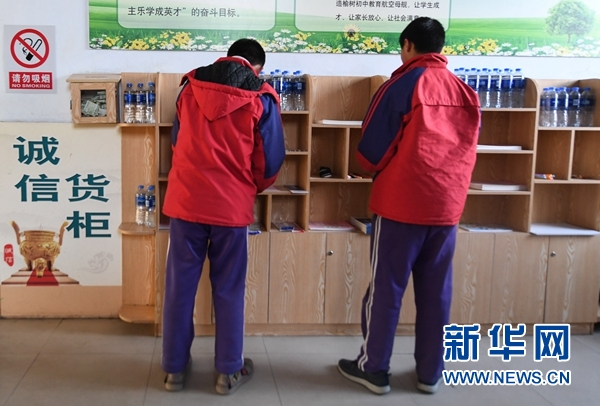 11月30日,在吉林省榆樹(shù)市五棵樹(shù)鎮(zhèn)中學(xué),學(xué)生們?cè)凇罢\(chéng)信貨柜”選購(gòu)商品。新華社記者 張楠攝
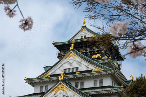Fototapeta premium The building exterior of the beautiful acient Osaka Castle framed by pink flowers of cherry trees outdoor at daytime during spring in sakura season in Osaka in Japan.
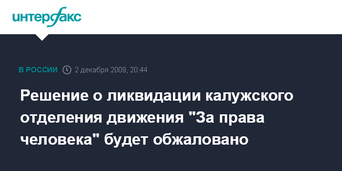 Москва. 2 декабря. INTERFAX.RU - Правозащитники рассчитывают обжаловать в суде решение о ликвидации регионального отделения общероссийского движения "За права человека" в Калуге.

────

TASK GOAL: Write out all of the data above exactly, without any of its pictures.

THE COMPLETED TASK:
 11月30日,在吉林省榆樹(shù)市五棵樹(shù)鎮(zhèn)中學(xué),學(xué)生們?cè)凇罢\(chéng)信貨柜”選購(gòu)商品。新華社記者 張楠攝
Fototapeta premium The building exterior of the beautiful acient Osaka Castle framed by pink flowers of cherry trees outdoor at daytime during spring in sakura season in Osaka in Japan.
 Москва. 2 декабря. INTERFAX.RU - Правозащитники рассчитывают обжаловать в суде решение о ликвидации регионального отделения общероссийского движения "За права человека" в Калуге.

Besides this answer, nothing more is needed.